You never expected your brother’s family to fall apart — but can it really be up to you to pick up the pieces? As a parent-figure to someone else’s child, you have all the responsibility and none of the authority. It’s no wonder you don’t want to get stuck raising your nephew — it’s hard, for everyone involved. But if your brother is unable or unwilling to take care of his own, then what is there to do?
Let go of the who, and focus on the how. Chances are, your stressful situation wasn’t caused by something you did wrong — so don’t internalize things that are out of your control. Think about what you can give, rather than what your nephew has lost. Children need stability and safety, and giving him that one thing will likely make up for a lot of pain.
Be choosy in your sample size. While it’s important to take others’ opinions into account, be careful not to solicit too much advice. Not everyone’s situation is exactly the same, and not every adult will have the same good instincts that you do.
Define your limits before you define your expectations. It’s easy to feel pressure to rise to a certain standard — both yours and your family’s. Before you commit yourself, decide the parameters within which you’re willing to award yourself grace.
Enjoy the beauty of independence. Yes, you want to give your nephew stability and security — but let him also find a way to flex his muscles. Let him get a little taste of independence, as he learns more about himself and develops his own character. Encourage him to find his footing as an individual in the world.
Allow for missteps. Even when you’ve gone out of your way to create your own parameters, mishaps will still happen. How you handle them is part of the key to success. If you’re consistent in your approach, children will learn quickly not to test your limits again.
Choose courage or choose chaos; but don’t choose both. Courage is what causes us to move forward even when we’re scared — and chaos is when we retreat from the fear. Make your choice — but try not to let fear dominate either.
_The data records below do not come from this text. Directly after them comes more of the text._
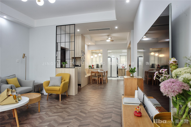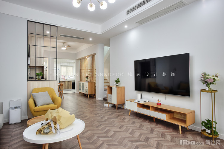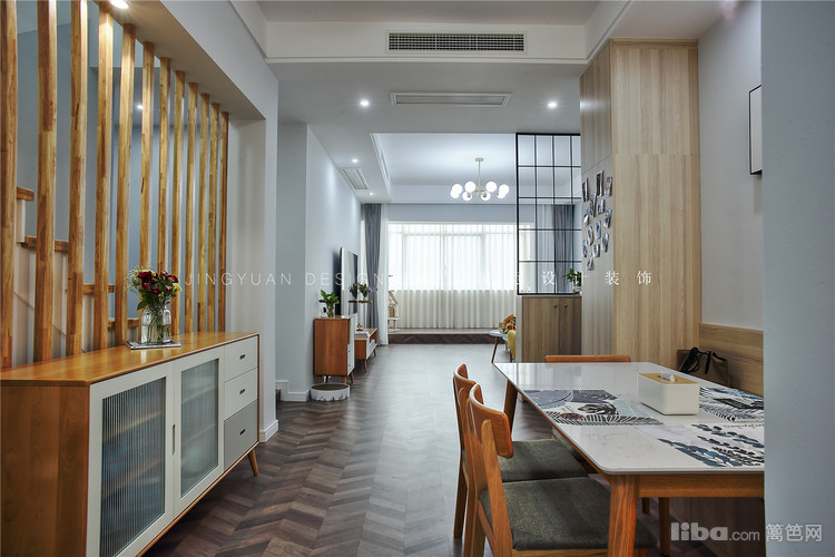 这是一套180平米的北欧+原木风格装修案例,大面积的灰白+木色家具,简约、自然,人性化的家装设计.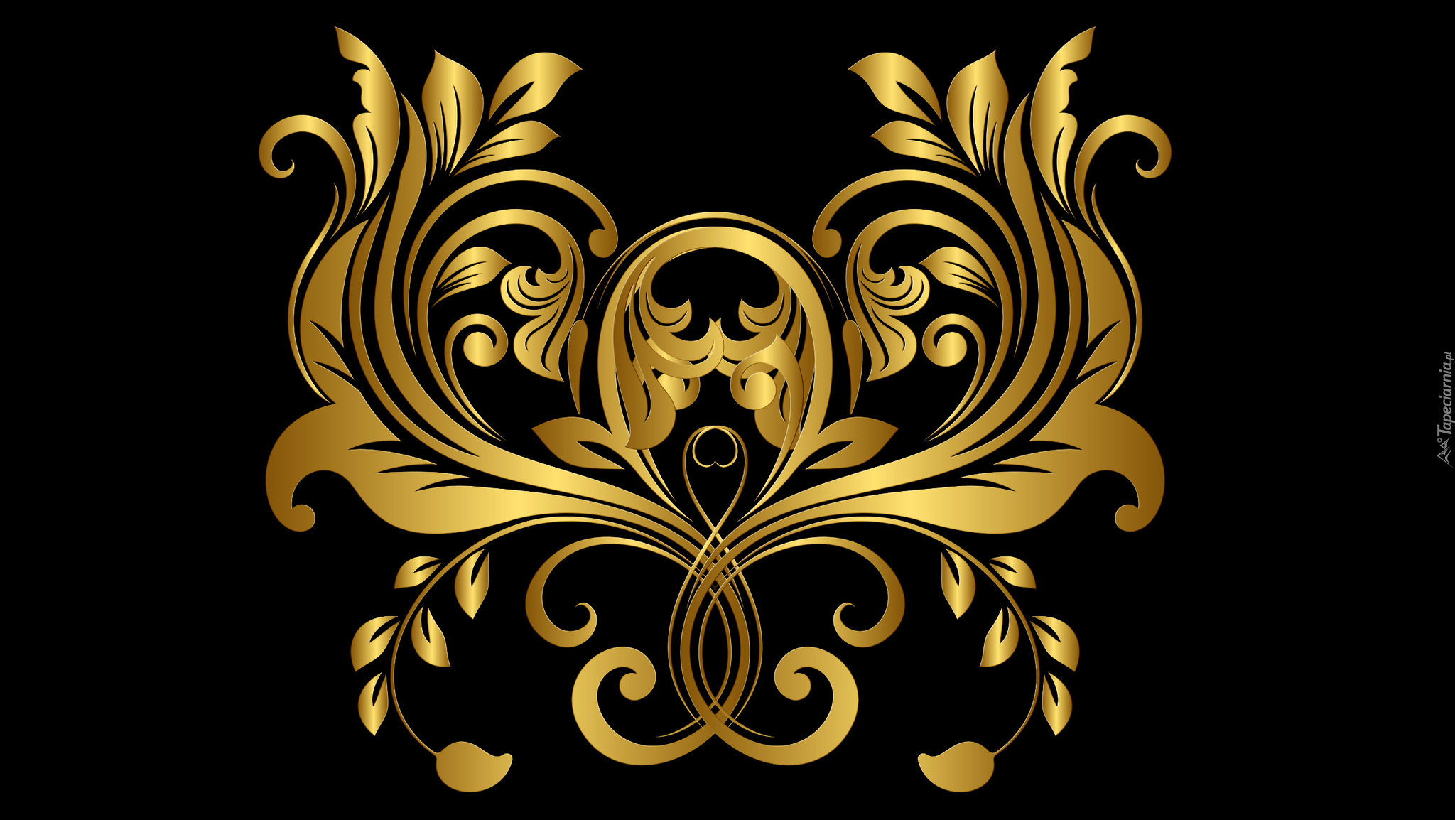 Edytor tapety: Złoty ornament na czarnym tle w 2D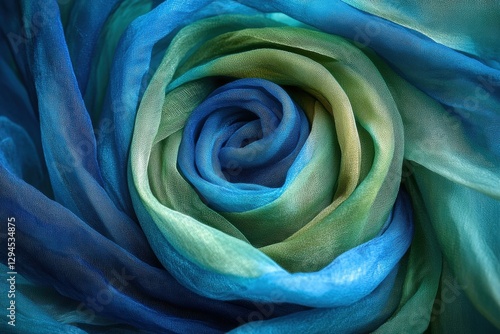 Blue and green silk fabric forming a beautiful rose shape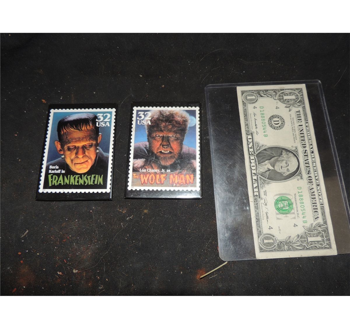 FRANKENSTEIN & WOLF MAN RARE VINTAGE POSTAGE STAMP FRIDGE MAGNET NO RESERVE!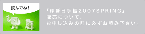 「ほぼ日手帳2007」SPRINGは、 2月1日(木)午前11時より販売開始いたします。 販売準備数が完売となるまで終了期限を設けず、 お申し込み受付を実施いたします。 「ほぼ日手帳2007」SPRING価格の一覧は、 こちらをご確認ください。 また、各商品の使用方法や商品について、 あらかじめ知っておいていただきたいことは こちらのページからご確認いただけます。 このたびご注文いただきました商品は、 お申し込み日から、 3営業日後〜7営業日以内(土日祝祭日を除く)に出荷を行なう予定です。 商品の出荷が終了次第、 ご注文の際にご記入いただきましたメールアドレスに お知らせのメールをお送りします。 ※お申し込み受付後、商品の準備が出来たものから 順次、出荷の手配を行ないますので お申し込み内容の変更・キャンセルは ご注文いただいた日の翌営業日 午前10時までにお願いいたします。 ※商品が出荷準備に入っている場合、 お申し込み内容の変更をすることは できませんのでご注意ください。 ■国 内 ・ヤマト運輸(クロネコヤマトの宅急便)でのお届けとなります。 国内への配送手数料は、全国一律630円です。 ■海 外 ・国際スピード郵便(EMS)でのお届けとなります。 海外への配送手数料は、 EMS送料と事務手数料の500円を合わせた金額となります。 EMS送料は地域と重量によって金額が異なりますので 料金はこちらのページでご確認ください。 また、それぞれの商品重量はこちらをご確認ください。 ご利用可能なお支払い方法は国内と海外で異なります。 お支払い方法によって お支払い時期も異なりますので、 下記の表をご確認ください。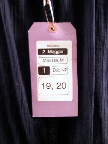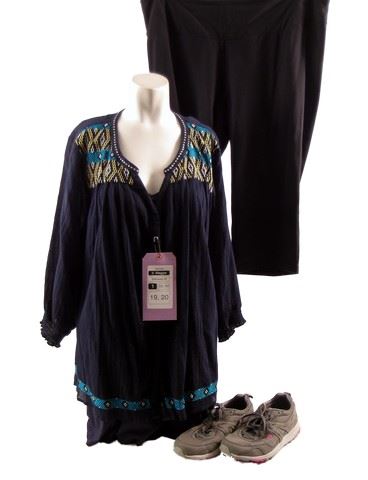 Maggie (Melissa McCarthy) screen worn, hero, navy blue cotton crepe with yellow, turquoise, and white embroidery trim 'Lucky Brand' blouse, navy cotton soft slight v-neck with built extension 'Charter Club' top, black yoga capri length wide elastic band 'Style & Co' pants, and grey laced track with pink accents 'Olukai' sneakers. (size 8) Includes wardrobe tag!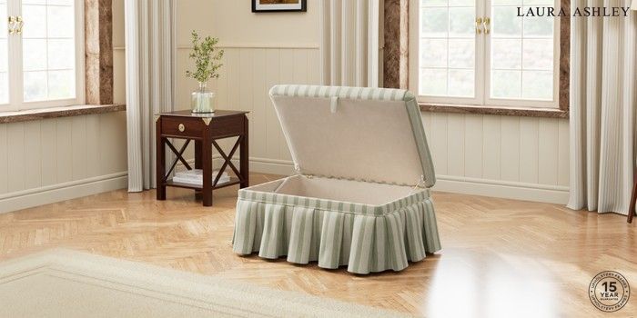 7.3.1 Buy Beverley Pleated by Laura Ashley Storage Footstool Kinsham Stripe Hedgerow Green Glide from the Seasons online shop Click here to use our website with more accessibility support, for example screen readers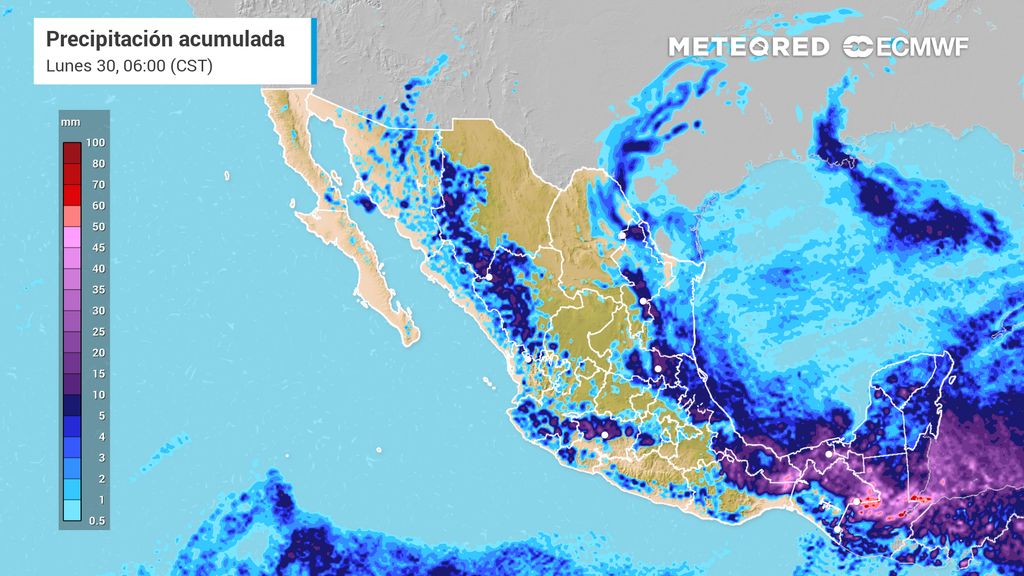 De acuerdo con las predicciones, se esperan precipitaciones de fuertes a muy fuertes de 50 a 75 mm en los estados de Veracruz, Tabasco, Oaxaca y Chiapas. Estas condiciones son producto del ingreso de humedad desde el Océano Pacífico y el Golfo de México, potenciado por inestabilidad atmosférica.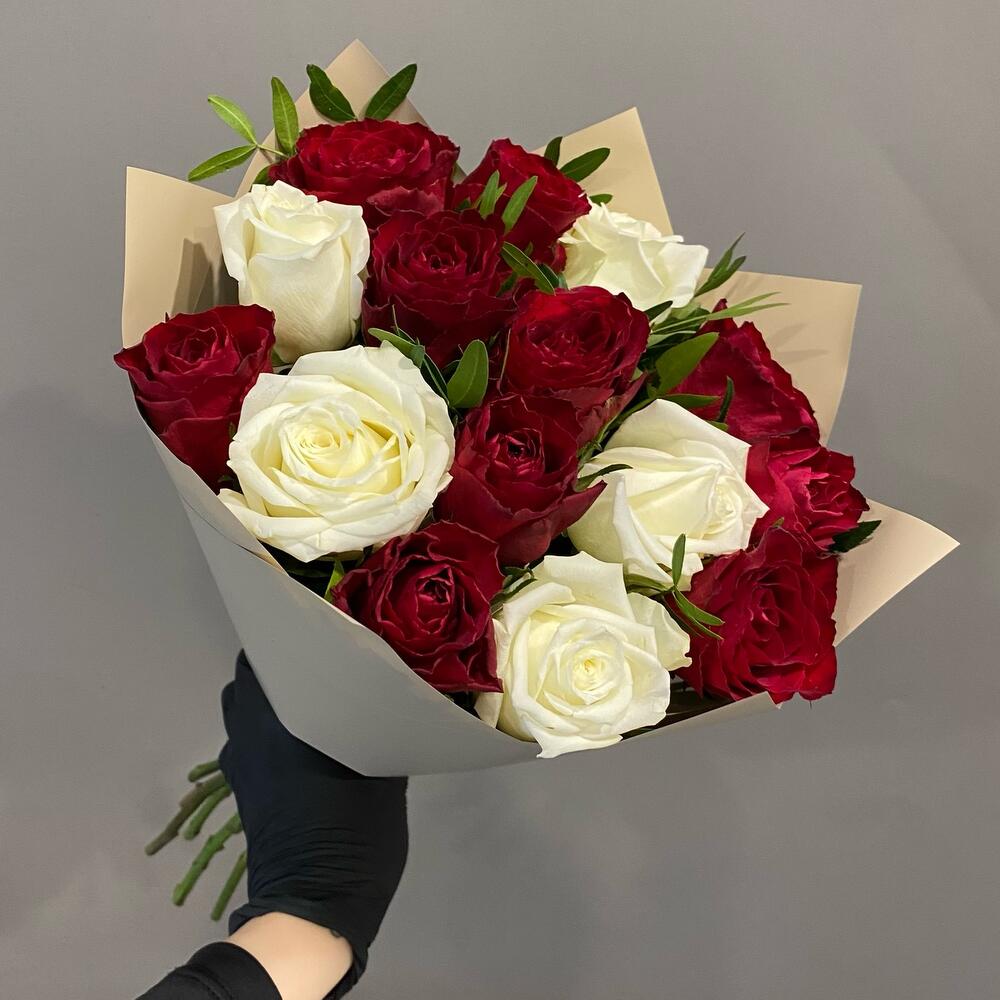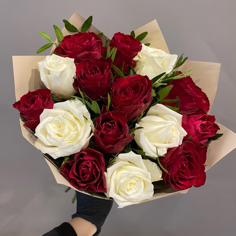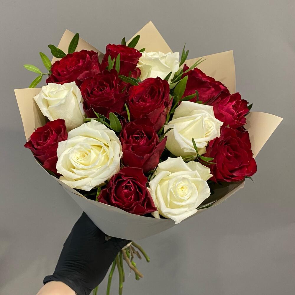 Роза белая премиум – 5 шт.Роза красная – 10 шт.Фисташка – 3 шт.Упаковка дизайнерская – 1 шт.Лента атласная – 1 шт.

Welcome change, but recognize its dynamics. Change means growth, and since life will continue to throw its curveballs, embrace a mindset that doesn’t fear the unknown. Take a look at things from different angles, and understand how these events can influence your lifestyle, relationships, and values.
Above all else, remember that you are not solely responsible. Many hands make light work, and you are far from alone in this. There’s no shame in asking for help — and if you can’t offer it, see if your family members, friends, and community can.
Raising someone else’s child may mean the road isn’t always the straightest — but it’s often the most fulfilling. Take a deep breath, take one step at a time, and trust that, little by little, you and your nephew will be making progress.